### What needs to be done
All that is needed is the first stretch of the listing below, repeated exactly and ending with the line that contains "Women's Robe Casual". Pictures are to be left out.

[Start of Attachment]

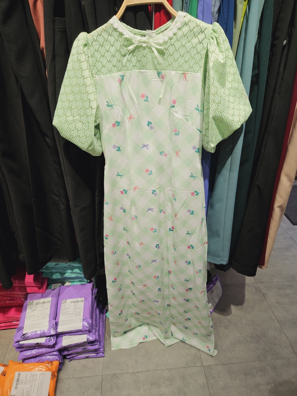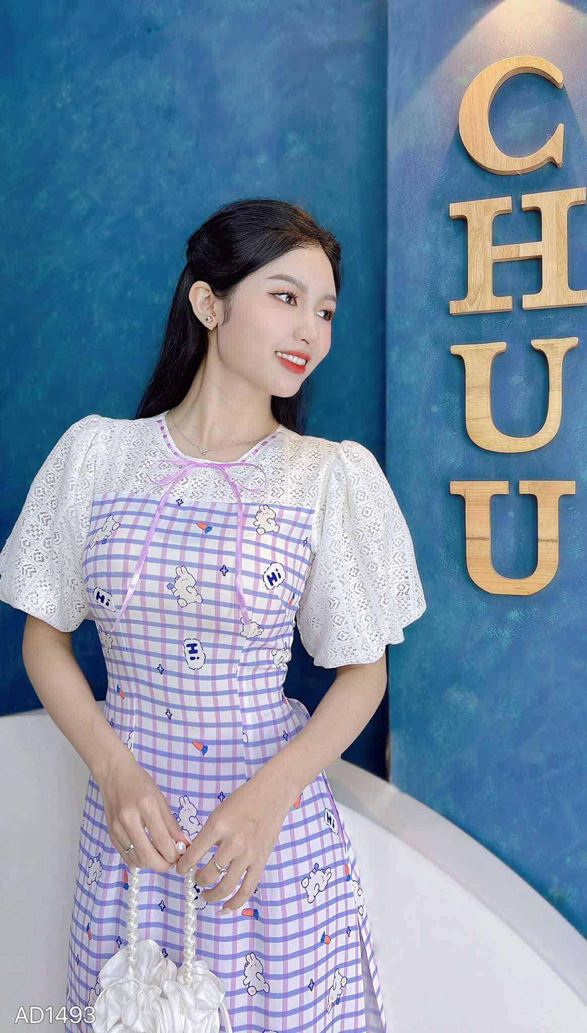 Áo Dài Ren Bồng Ô Vuông AD1493 (áo lẻ) KHUYẾN MÃI - ƯU ĐÃI
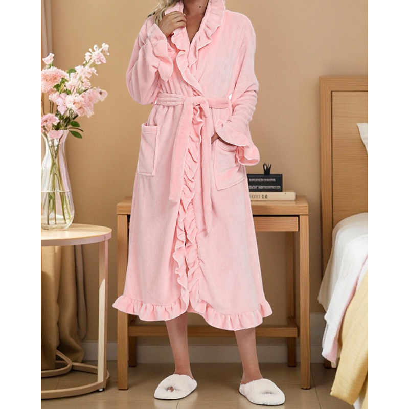 Women's Robe Casual Pure Color Pocket Home Daily Bed Long Sleeve Shirt Collar Black White Pink Red Purple Fall Winter Loose Fit
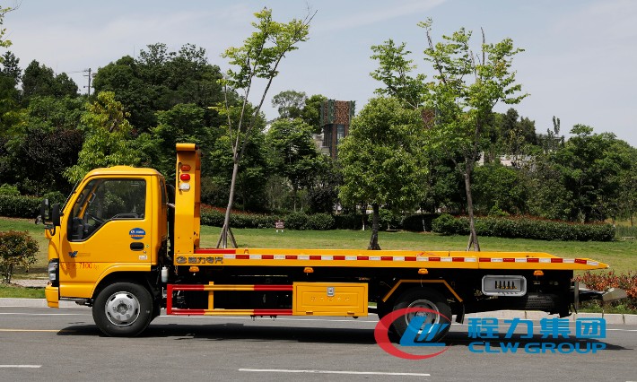 湖北程力國六五十鈴黃牌一拖二清障車(5.6米板長)程力威牌CLW5070TQZQ6型清障車廠家配置: 湖北程力五十鈴黃牌一拖二清障車配置: 采用五十鈴單排可前翻駕駛室,五十鈴120馬力發動機,5檔箱,油剎,帶ABS,冷暖空調,電動玻璃,中控鎖,7.00R16鋼絲胎。 4噸上裝4噸卷揚,25米鋼絲繩,雙側聯動操作,有花紋板及壓制板可選,配輔助小車一套,四根捆綁器。
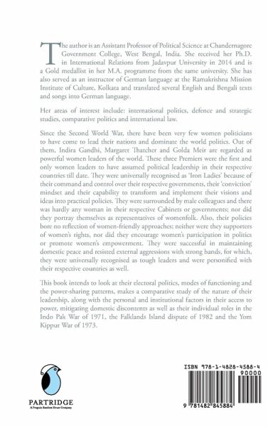 The author is an Assistant Professor of Political Science at Chandernagore Government College, West Bengal, India. She received her Ph.D. in International Relations from Jadavpur University in 2014 and is a Gold medallist in her M.A. programme from the same university. She has also served as an instructor of German language at the Ramakrishna Mission Institute of Culture, Kolkata and translated several English and Bengali texts and songs into German language. Her areas of interest include: international politics, defence and strategic studies, comparative politics and international law. Since the Second World War, there have been very few women politicians to have come to lead their nations and dominate the world politics. Out of them, Indira Gandhi, Margaret Thatcher and Golda Meir are regarded as powerful women leaders of the world. These three Premiers were the first and only women leaders to have assumed political leadership in their respective countries till date. They were universally recognised as 'Iron Ladies' because of their command and control over their respective governments, their 'conviction' mindset and their capability to transform and implement their visions and ideas into practical policies. They were surrounded by male colleagues and there was hardly any woman in their respective Cabinets or governments; nor did they portray themselves as representatives of womenfolk. Also, their policies bore no reflection of women-friendly approaches; neither were they supporters of women's rights, nor did they encourage women's participation in politics or promote women's empowerment. They were successful in maintaining domestic peace and resisted external aggressions with strong hands, for which, they were universally recognised as tough leaders and were personified with their respective countries as well. This book intends to look at their electoral politics, modes of functioning and the power-sharing patterns, makes a comparative study of the nature of their leadership, along with the personal and institutional factors in their access to power, mitigating domestic discontents as well as their individual roles in the Indo Pak War of 1971, the Falklands Island dispute of 1982 and the Yom Kippur War of 1973.
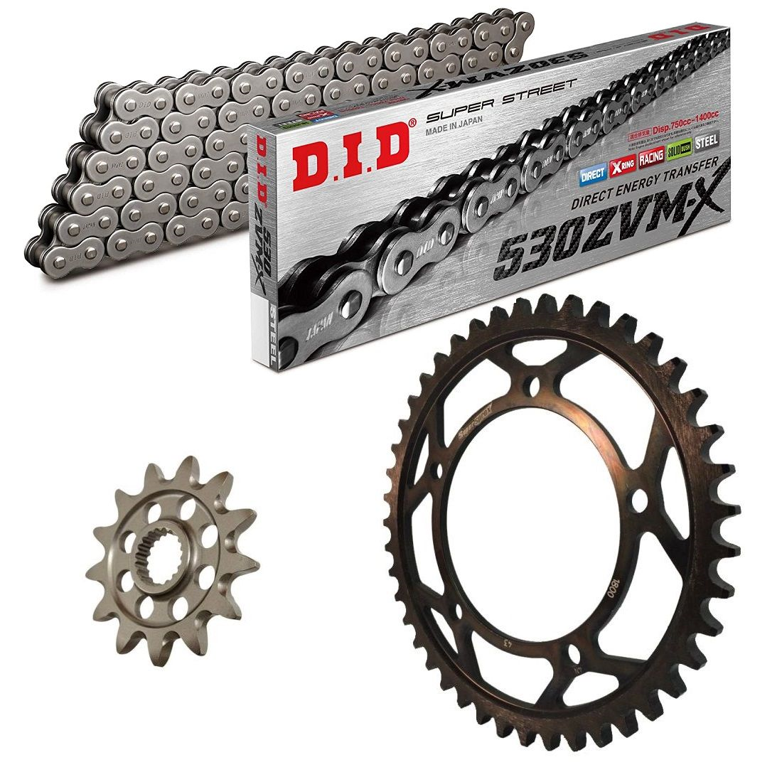 łańcuch: DID 530ZVM-X (X-ring hiper wzmocniony) 118 ogniw + zakuwka
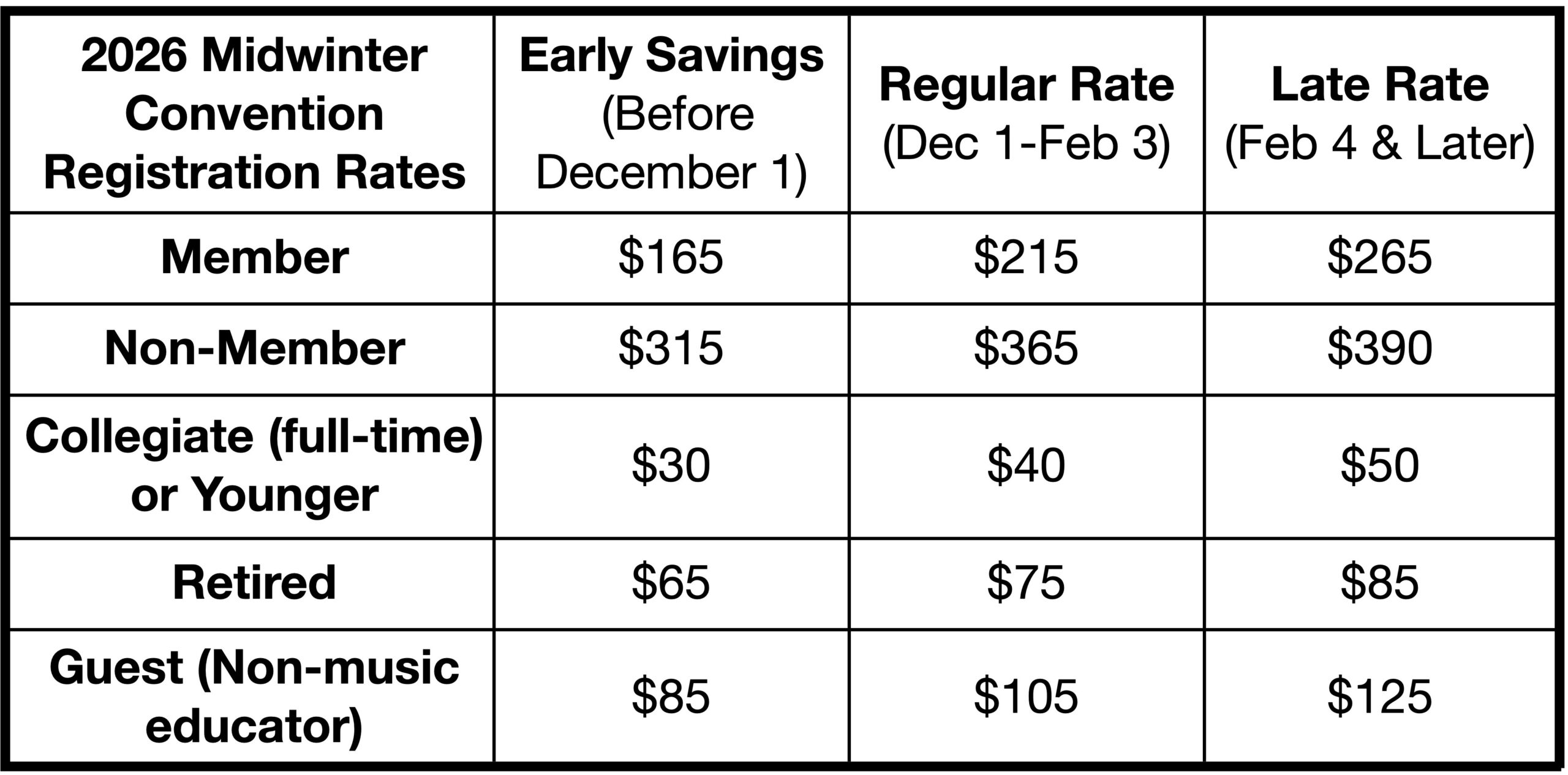 After many hours of discussion by the Executive Board and MMEA Board of Directors, the decision has been made to cancel the in-person 2026 Midwinter Convention and MMEA’s associated in-person student events in Minneapolis. MMEA cannot uphold its mission to develop, promote, and support equitable and comprehensive music learning and teaching when the health and safety of many in our communities are at risk. Please click the LINK for a message from MMEA’s Board President, Dr. Christopher Rochester.
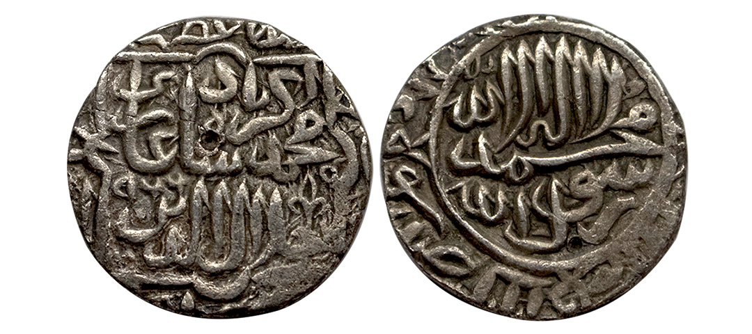 Akbar (AH 963-1014 / 1556-1605 AD), Silver Rupee, 11.36Grms, Dewal Bandar Mint, Ilahi type, Month Di, Year 4X, This mint is located in the province of Sind (near Karachi) and was an old river port. The mint of Dewal Bandar or Dewal as it was first read was published in a paper called "Some Novelties in Mughal Coins' published in the Numismatic Chronicle in 1896. (KM # 93.9).
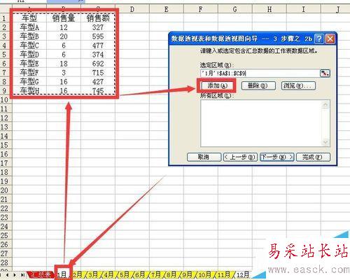 3、在接下來彈出的數(shù)據(jù)透視表和數(shù)據(jù)透視圖3步驟之2b中點按一月工作表標(biāo)簽然后選擇該表中如圖所示的數(shù)據(jù)區(qū)域,然后點按添加按鈕,將所有的12個工作表中的數(shù)據(jù)區(qū)域均添加完成后檢查一下添加區(qū)域的順序,然后點按下一步,然后在數(shù)據(jù)透視表和數(shù)據(jù)透視圖向?qū)?步驟之3中點選新建工作表,然后點按完成。

[End of Attachment]

### Solution for this problem
 Áo Dài Ren Bồng Ô Vuông AD1493 (áo lẻ) KHUYẾN MÃI - ƯU ĐÃI
 Women's Robe Casual Pure Color Pocket Home Daily Bed Long Sleeve Shirt Collar Black White Pink Red Purple Fall Winter Loose Fit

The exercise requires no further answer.